Hoy descubrí (ultimamente descubro cosas "muy interesantes"), que la silicona, a parte de quemar (cosa que ya es suficiente mala ella sola), también te deja la piel más sensible, por lo que esta tarde las pasaré canutas a la hora de tocar la guitarra. Esto lo ha sufrido la piel de mis dedos, y no sólo de uno, no, de varios a la vez. También he visto un cabreo monumental, o más bien dos, de profesoras de letras. ¿También es hoy el día del cabreo? El pasillo es una constante reunión de castigados. Por mis oídos no entran más que gritos, voces enfadadas y palabras malsonantes.
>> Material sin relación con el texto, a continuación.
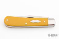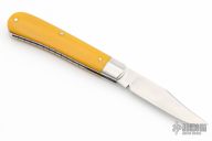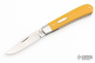 This Slip Joint by TA Davison features a hand rub satin finished blade with a nail nick. The handle has stainless steel bolsters, vintage butterscotch micarta covers with stainless steel escutcheon, stainless steel coin edged liners, stainless steel spring. Comes with zippered case. Has half-stop, flush in all positions. New from maker!
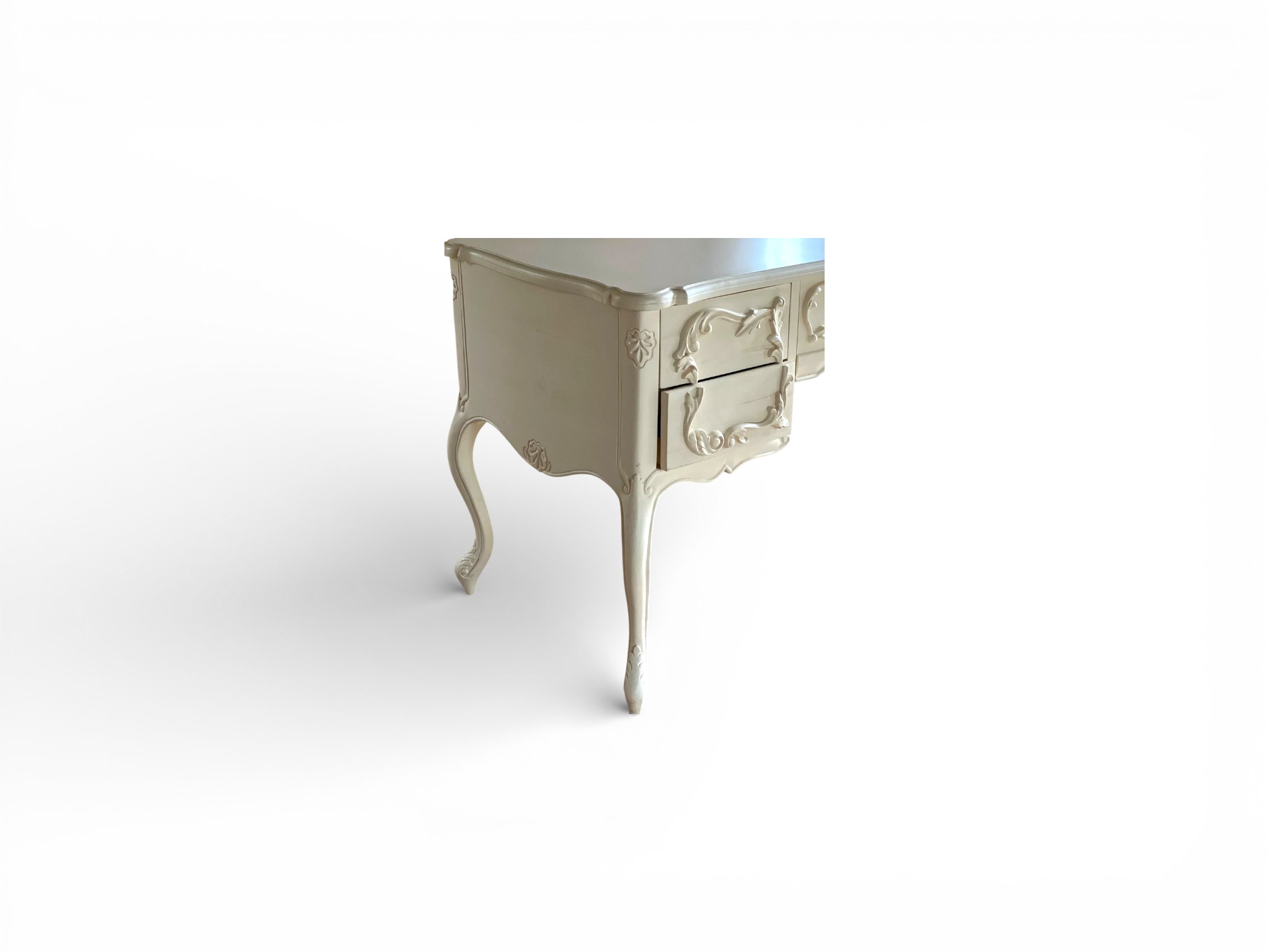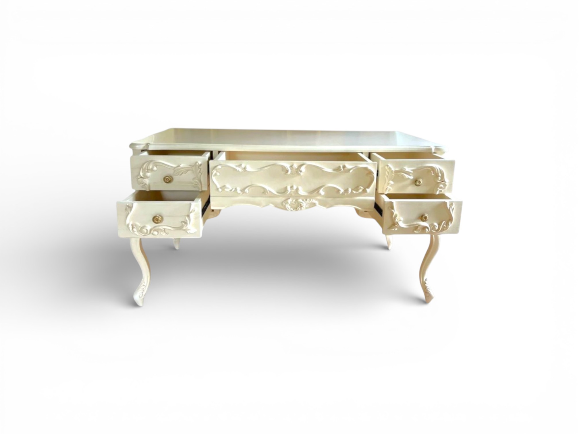 Ornate Heritage Desk showcases timeless European craftsmanship with its sculpted apron, intricately carved drawer fronts, and gracefully curved cabriole legs. Designed to elevate refined interiors, it creates a commanding yet elegant workspace while adding decorative richness to bedrooms, studies, or boutique office settings. Its balanced proportions and artistic detailing reflect classic luxury with enduring appeal.
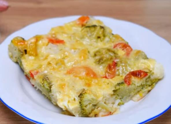 Nauljite pleh, pa poređajte prvo papriku, luk i šargarepu, pa dodajte karfiol i brokoli. Umutite jaja sa mlekom i uljem, pa dodajte mleveni beli luk. Na kraju dodajte prosejano brašno i prašak za pecivo i sve dobro sjedinite. Dodajte seckanu mirođiju i promešajte, pa prelijte preko povrća.
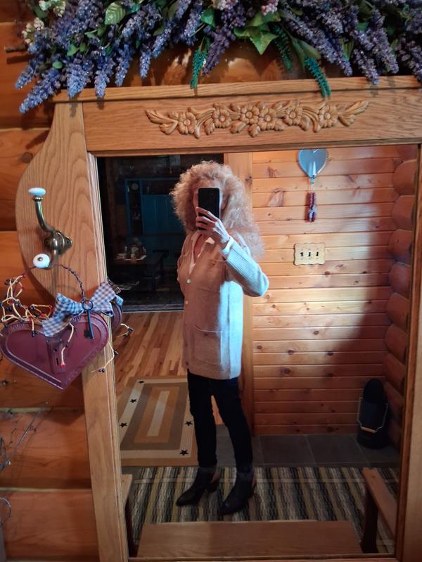 This cardigan is so cute, comfy and cozy! It’s true size/maybe runs slightly big but not an issue with a cozy sweater. The material is so incredibly soft both inside and out. The large gold buttons dress it up a bit. It’s so perfect!
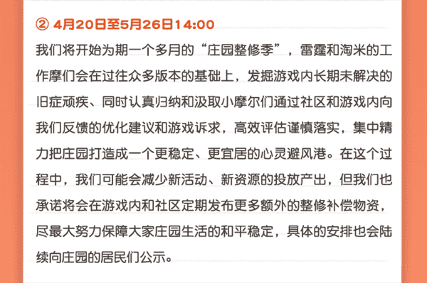 合作的结束并不意味着这个童年IP的结束,,对于《摩尔庄园》手游而言,,这是一个新阶段的开始。。后续游戏内将开启庄园重构计划,,,,会就以往遗留下来的BUG进行集中修复,,,,并在游戏内和社区定期发布更多补偿物资。。。
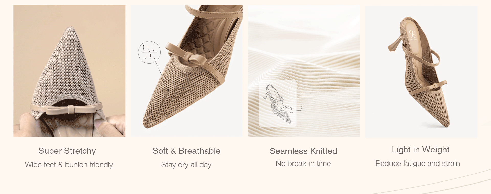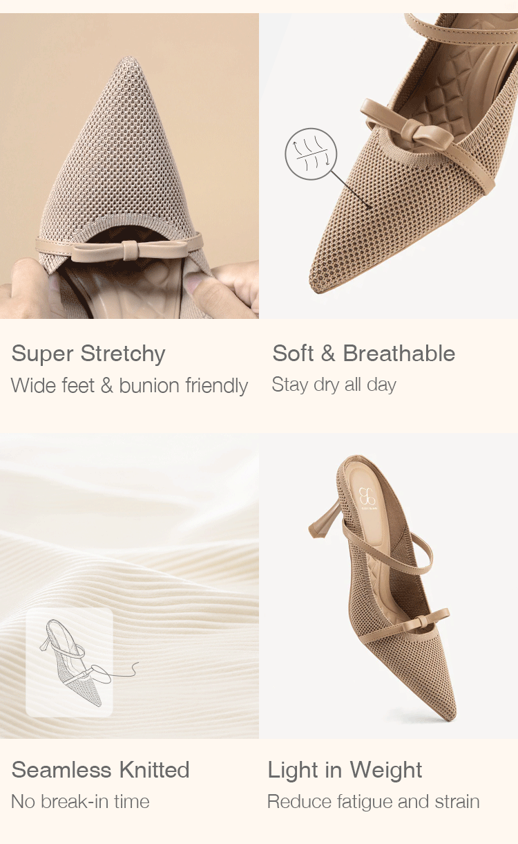 Designed with a fly woven upper and lining, and a durable rubber sole, these stiletto heels feature a delicate butterfly detail, pointed toe, and easy slip-on style. With a 7cm heel height, they provide a perfect balance of sophistication and comfort.

Además, hasta mis cascos se han puesto de mal humor; y no, ya no funcionan. Lo he descubierto hoy, sin más. Mientras que las ondas hacián vibrar mi membrana auditiva al ritmo de "Sweet Child O' Mine" (canción que era digna de mencionar aquí), perdí el sonido, y descubrí que, el único casco que funcionaba, se había unido a la vagancia y rebeldía de su compañero. Argh!
El sol me deslumbra. Gracias a una maravillosa clase de judo en E.Física, he conseguido despertarme, entre voltereta y voltereta. Esta mañana he vuelto a darme cuenta de que las minas de mis lápices de plástica no se llevan bien, por mucho que digan que se mezclan con facilidad. También he descubierto el grado de mi odio contra la geometría (y es demasiado elevado). Creo que he empezado a obsesionarme ya que veo triángulos en cada uno de los objetos que pasan por delante de mis ojos, desde la clase de matemáticas hasta dos o tres horas después (y si pensamos que tres horas son 180 minutos, podemos darnos cuenta de que... ¡Son muchos minutos!
Parece ser que hoy es el día internacional de la estupidez,
¿a caso se contagia? Y qué toca ahora, oh si, primero estuches que vuelan ventana abajo y ahora gomas que saltan de cabeza en cabeza, incitando al griterío e irritación posterior de la profesora.
He empezado a notar cierta necesidad de llegar a casa, para poder comerme mi bacon con patatas típico de los Martes...
¡Y creo que vuelvo a tener necesidad de vacaciones!